Association of Plaque Location and Vessel Geometry Determined by Coronary Computed Tomographic Angiography With Future Acute Coronary Syndrome-Causing Culprit Lesions.
IMPORTANCE: Distinct plaque locations and vessel geometric features predispose to altered coronary flow hemodynamics. The association between these lesion-level characteristics assessed by coronary computed tomographic angiography (CCTA) and risk of future acute coronary syndrome (ACS) is unknown.

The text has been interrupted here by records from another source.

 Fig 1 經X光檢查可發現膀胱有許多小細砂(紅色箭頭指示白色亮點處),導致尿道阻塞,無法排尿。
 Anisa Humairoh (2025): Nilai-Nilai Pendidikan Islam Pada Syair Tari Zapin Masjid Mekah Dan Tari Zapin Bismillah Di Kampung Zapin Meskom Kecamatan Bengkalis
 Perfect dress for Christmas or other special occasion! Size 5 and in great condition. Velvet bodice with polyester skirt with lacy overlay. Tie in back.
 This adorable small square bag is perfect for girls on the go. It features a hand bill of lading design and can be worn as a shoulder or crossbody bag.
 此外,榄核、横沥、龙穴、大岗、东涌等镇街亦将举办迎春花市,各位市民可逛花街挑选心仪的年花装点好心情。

OBJECTIVE: To examine whether CCTA-derived adverse geometric characteristics (AGCs) of coronary lesions describing location and vessel geometry add to plaque morphology and burden for identifying culprit lesion precursors associated with future ACS.
DESIGN, SETTING, AND PARTICIPANTS: This substudy of ICONIC (Incident Coronary Syndromes Identified by Computed Tomography), a multicenter nested case-control cohort study, included patients with ACS and a culprit lesion precursor identified on baseline CCTA (n = 116) and propensity score-matched non-ACS controls (n = 116). Data were collected from July 20, 2012, to April 30, 2017, and analyzed from October 1, 2020, to October 31, 2021.

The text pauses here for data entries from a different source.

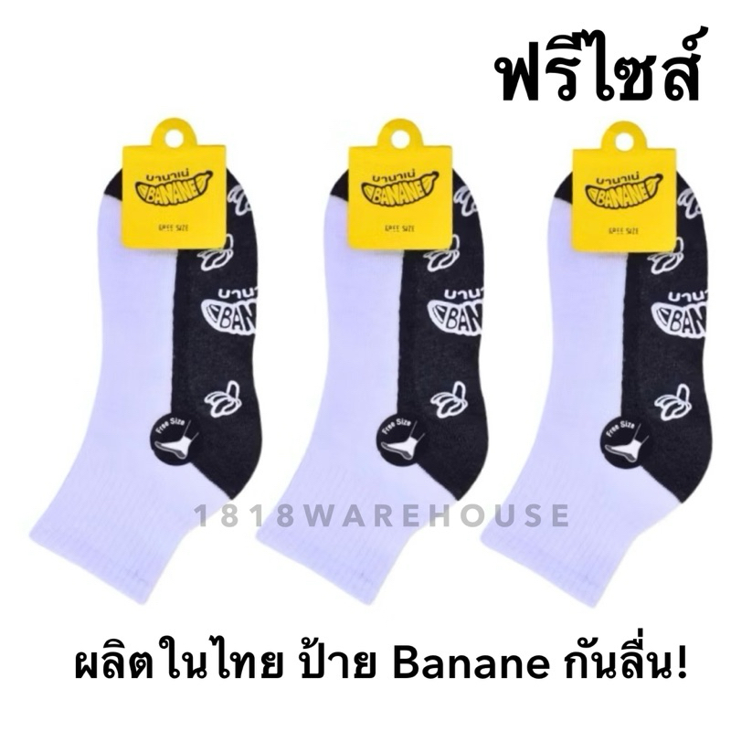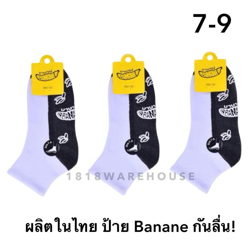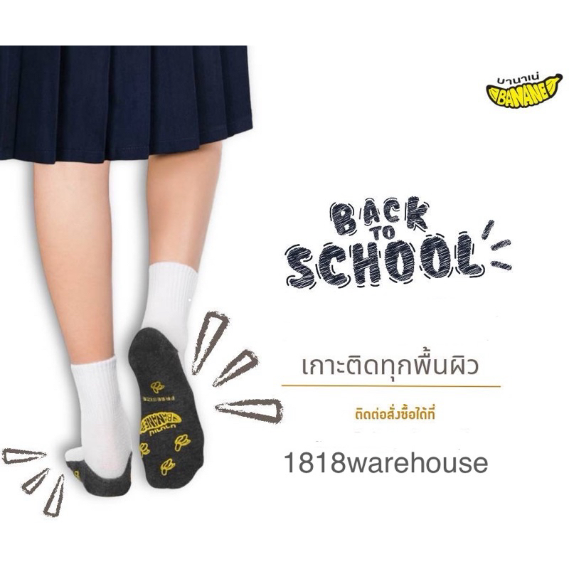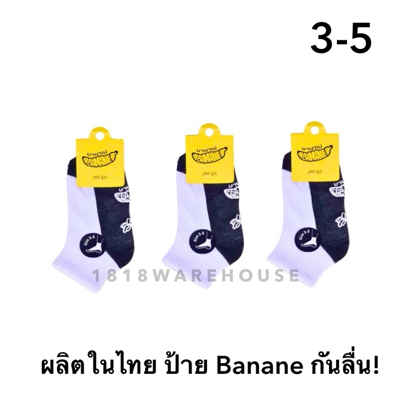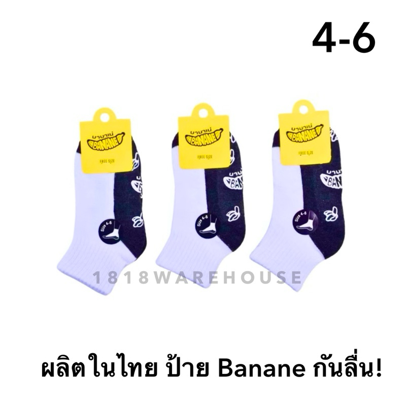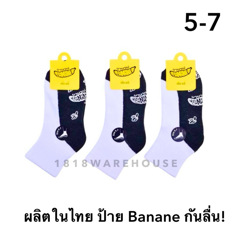 (ยกแพ็ค 6คู่, 12 คู่) กันลื่นป้าย Banane 🍌ยางกันลื่นสีขาว‼️ถุงเท้านักเรียนกันลื่น กันล้ม ป้ายกล้วย 🇹🇭ผลิตในไทย🇹🇭
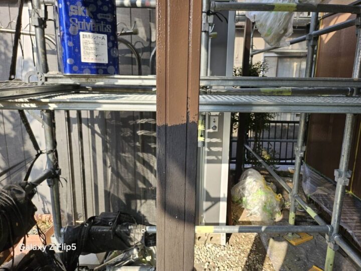 専用のサビ止めプライマーを塗布します。鉄部の腐食(サビ)を根本から抑えつつ、上塗り塗料が剥がれないよう強力に密着させます。
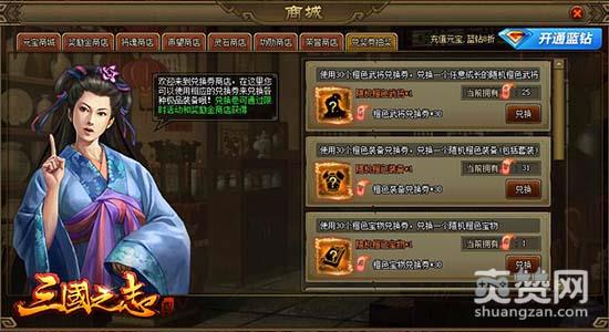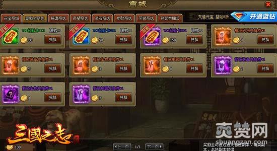 玩家获得奖励金之后,可以在奖励金专属商城中兑换自己想要的道具,其中包括:VIP1经验卡、VIP2经验卡、VIP3经验卡、橙色/紫色武将兑换券、橙色/紫色装备兑换券、橙色/紫色宝物兑换券。

EXPOSURES: Coronary lesions were evaluated for the following 3 AGCs: (1) distance from the coronary ostium to lesion; (2) location at vessel bifurcations; and (3) vessel tortuosity, defined as the presence of 1 bend of greater than 90° or 3 curves of 45° to 90° using a 3-point angle within the lesion.
MAIN OUTCOMES AND MEASURES: Association between lesion-level AGCs and risk of future ACS-causing culprit lesions.

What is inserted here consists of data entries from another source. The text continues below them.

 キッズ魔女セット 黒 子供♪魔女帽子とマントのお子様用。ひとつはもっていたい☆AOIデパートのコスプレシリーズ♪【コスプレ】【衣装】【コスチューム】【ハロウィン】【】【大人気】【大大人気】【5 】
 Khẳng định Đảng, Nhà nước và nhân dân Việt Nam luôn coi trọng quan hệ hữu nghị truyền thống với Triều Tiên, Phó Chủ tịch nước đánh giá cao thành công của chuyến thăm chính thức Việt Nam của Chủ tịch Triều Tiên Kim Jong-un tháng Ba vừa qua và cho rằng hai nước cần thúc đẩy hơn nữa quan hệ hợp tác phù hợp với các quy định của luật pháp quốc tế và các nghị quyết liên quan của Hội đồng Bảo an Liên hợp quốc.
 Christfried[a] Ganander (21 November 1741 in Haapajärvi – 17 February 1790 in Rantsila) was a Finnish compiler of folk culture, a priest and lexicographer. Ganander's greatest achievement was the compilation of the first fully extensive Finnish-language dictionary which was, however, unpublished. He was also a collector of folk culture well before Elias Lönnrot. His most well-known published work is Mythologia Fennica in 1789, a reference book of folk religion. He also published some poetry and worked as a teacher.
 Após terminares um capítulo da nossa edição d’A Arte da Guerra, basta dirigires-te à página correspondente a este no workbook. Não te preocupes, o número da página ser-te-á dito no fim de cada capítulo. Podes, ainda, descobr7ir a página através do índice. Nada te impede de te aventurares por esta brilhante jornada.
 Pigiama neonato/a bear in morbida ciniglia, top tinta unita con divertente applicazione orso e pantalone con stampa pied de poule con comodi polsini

RESULTS: Of 548 lesions, 116 culprit lesion precursors were identified in 116 patients (80 [69.0%] men; mean [SD], age 62.7 [11.5] years). Compared with nonculprit lesions, culprit lesion precursors had a shorter distance from the ostium (median, 35.1 [IQR, 23.6-48.4] mm vs 44.5 [IQR, 28.2-70.8] mm), more frequently localized to bifurcations (85 [73.3%] vs 168 [38.9%]), and had more tortuous vessel segments (5 [4.3%] vs 6 [1.4%]; all P < .05). In multivariable Cox regression analysis, an increasing number of AGCs was associated with a greater risk of future culprit lesions (hazard ratio [HR] for 1 AGC, 2.90 [95% CI, 1.38-6.08]; P = .005; HR for ≥2 AGCs, 6.84 [95% CI, 3.33-14.04]; P < .001). Adverse geometric characteristics provided incremental discriminatory value for culprit lesion precursors when added to a model containing stenosis severity, adverse morphological plaque characteristics, and quantitative plaque characteristics (area under the curve, 0.766 [95% CI, 0.718-0.814] vs 0.733 [95% CI, 0.685-0.782]). In per-patient comparison, patients with ACS had a higher frequency of lesions with adverse plaque characteristics, AGCs, or both compared with control patients (≥2 adverse plaque characteristics, 70 [60.3%] vs 50 [43.1%]; ≥2 AGCs, 92 [79.3%] vs 60 [51.7%]; ≥2 of both, 37 [31.9%] vs 20 [17.2%]; all P < .05).
CONCLUSIONS AND RELEVANCE: These findings support the concept that CCTA-derived AGCs capturing lesion location and vessel geometry are associated with risk of future ACS-causing culprit lesions. Adverse geometric characteristics may provide additive prognostic information beyond plaque assessment in CCTA.
Han D, Lin A, Kuronuma K, Tzolos E, Kwan AC, Klein E, et al. [Chinnaiyan K] Association of plaque location and vessel geometry determined by coronary computed tomographic angiography with future acute coronary syndrome-causing culprit lesions. JAMA Cardiol. 2022 Mar 1;7(3):309-319. doi: 10.1001/jamacardio.2021.5705. PMID: 35080587.